Bitwise overflow checking in c [closed]

Question

Closed. This question needs debugging details. It is not currently accepting answers.

---

Want to improve this question? Update the question so it's on-topic for Stack Overflow.

Closed 5 years ago.

Improve this question

I am trying to write two functions that will check/prevent overflow in c (using only ! ~ | & ^ +) but cant get it. The first is will a certain twos compliment/signed int will fit in a certatin amount of bits: fitsB(int x, int n) where is the int and n is the size of bits to use. Also a function that will check to see if two ints will not overflow when added together: overflowInt(int x, int y). I can get it if they are unsigned ints but the negatives just make things harder for me.

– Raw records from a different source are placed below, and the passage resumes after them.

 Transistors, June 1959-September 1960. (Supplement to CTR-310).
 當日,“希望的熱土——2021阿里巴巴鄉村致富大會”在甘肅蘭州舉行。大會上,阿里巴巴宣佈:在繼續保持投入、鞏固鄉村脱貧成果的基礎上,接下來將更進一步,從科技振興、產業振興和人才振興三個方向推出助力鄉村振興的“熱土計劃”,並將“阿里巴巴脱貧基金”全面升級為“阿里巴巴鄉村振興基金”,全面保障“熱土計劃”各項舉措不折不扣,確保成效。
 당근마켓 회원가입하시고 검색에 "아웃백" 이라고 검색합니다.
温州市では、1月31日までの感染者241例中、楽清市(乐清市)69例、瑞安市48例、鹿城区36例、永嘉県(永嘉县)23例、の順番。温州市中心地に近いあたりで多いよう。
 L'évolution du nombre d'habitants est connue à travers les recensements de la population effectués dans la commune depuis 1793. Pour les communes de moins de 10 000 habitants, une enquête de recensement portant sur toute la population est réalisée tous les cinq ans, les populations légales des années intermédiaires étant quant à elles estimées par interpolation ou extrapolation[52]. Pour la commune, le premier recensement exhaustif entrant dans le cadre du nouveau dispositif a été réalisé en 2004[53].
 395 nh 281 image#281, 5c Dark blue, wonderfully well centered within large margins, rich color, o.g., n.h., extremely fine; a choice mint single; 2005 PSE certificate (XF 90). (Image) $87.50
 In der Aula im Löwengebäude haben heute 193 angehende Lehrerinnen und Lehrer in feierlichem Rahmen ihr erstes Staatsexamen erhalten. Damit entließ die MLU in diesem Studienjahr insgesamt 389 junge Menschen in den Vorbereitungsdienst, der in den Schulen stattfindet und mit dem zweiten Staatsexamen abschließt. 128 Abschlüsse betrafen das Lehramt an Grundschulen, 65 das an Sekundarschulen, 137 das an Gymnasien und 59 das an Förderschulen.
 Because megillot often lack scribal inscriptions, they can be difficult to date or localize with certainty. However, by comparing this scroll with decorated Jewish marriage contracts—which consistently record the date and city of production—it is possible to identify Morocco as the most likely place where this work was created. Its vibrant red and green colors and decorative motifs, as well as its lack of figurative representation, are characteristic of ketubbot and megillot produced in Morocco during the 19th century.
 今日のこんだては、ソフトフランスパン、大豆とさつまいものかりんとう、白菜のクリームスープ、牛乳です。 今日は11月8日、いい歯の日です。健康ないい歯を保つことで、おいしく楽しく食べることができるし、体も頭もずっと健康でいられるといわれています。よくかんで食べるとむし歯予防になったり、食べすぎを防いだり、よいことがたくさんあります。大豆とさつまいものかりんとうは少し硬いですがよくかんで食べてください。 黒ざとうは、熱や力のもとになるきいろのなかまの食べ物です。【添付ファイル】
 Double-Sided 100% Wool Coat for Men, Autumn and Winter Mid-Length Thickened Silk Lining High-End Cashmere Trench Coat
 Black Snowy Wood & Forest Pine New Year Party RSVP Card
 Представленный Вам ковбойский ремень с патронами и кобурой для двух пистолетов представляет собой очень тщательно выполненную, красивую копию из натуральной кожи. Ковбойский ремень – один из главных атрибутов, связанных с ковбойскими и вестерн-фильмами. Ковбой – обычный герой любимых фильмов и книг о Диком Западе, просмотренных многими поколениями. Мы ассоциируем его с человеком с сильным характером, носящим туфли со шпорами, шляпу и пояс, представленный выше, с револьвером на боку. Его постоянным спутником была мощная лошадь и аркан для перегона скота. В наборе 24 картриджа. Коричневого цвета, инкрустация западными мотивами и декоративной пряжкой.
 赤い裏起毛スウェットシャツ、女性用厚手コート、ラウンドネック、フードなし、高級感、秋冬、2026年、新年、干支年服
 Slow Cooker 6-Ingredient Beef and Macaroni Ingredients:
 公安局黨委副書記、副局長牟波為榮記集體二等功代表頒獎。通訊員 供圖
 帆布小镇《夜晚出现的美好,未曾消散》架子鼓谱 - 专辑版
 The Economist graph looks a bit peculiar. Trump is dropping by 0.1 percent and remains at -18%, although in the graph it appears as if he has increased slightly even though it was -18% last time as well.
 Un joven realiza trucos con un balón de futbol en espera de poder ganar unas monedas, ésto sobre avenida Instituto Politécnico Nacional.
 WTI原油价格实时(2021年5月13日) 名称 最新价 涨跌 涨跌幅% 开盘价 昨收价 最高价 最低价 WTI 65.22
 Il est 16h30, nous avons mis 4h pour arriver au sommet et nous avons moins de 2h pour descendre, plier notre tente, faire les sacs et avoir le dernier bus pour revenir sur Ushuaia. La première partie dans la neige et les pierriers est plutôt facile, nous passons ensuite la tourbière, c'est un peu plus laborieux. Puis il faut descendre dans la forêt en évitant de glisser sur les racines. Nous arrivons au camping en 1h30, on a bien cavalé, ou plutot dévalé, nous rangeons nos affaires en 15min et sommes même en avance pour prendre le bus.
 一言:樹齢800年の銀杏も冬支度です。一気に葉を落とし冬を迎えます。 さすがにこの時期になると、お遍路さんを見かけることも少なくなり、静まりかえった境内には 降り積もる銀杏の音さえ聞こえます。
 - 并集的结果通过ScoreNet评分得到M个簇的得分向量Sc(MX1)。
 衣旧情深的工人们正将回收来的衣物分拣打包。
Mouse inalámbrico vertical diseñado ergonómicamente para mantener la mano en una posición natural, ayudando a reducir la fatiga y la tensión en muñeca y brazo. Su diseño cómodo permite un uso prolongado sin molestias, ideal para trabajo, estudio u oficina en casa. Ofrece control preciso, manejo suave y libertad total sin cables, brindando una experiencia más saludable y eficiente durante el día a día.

Anyone know how to?

There also is no casting and ints are always 32 bit

Answer 1

/* 
 * addOK - Determine if can compute x+y without overflow
 *   Example: addOK(0x80000000,0x80000000) = 0,
 *            addOK(0x80000000,0x70000000) = 1, 
 *   Legal ops: ! ~ & ^ | + << >>
 *   Max ops: 20
 *   Rating: 3
 */
 int addOK(int x, int y) {
  // Find the sign bit in each word
  //if a and b have different signs, you cannot get overflow.
  //if they are the same, check that a is different from c and b is different from c, 
  // if they are the same, then there was no overflow.
  int z=x+y;
  int a=x>>31;
  int b=y>>31;
  int c=z>>31;
  return !!(a^b)|(!(a^c)&!(b^c));
}

Answer 2

x will fit in n bits if x < 2^(n-1).

The overflow question needs more information. Two ints will not overflow if you assign them to a long (or a double).

Answer 3

Using the above example (Adam Shiemke), you can find the maximum (positive) value and minimum value (negative) to get the range for n number of bits. 2^(n-1) (from Adam's example) and minus one for the maximum/positive number which can be represented in the n bits. For the minimum value, negate 2^(n-1) to get the minimum value x => -(2^(n-1)); (Note the >= not > for the minimum range). For example, for n = 4 bits, 2^(4-1) - 1 = 2^3 -1 = 7 so x <= 7 and x >= -8 = (-(2^(4-1)).

This assumes the initial input does not overflow a 32 bit quanity (Hopefully an error occurs in that condition) and the number of bits you are using is less then 32 (as you are adding 1 for the negative range and if you have 32 bits, it will overflow, see below for an explanation).

To determine if addition will overflow, if you have the maximum value, the x + y <= maximum value. By using algebra, we can get y <= maximum value - x. You can then compare the passed in value for y and if it does not meet the condition, the addition will overflow. For example if x is the maximumn value, then y <= 0, so y must be less then or equal to zero or the addition will overflow.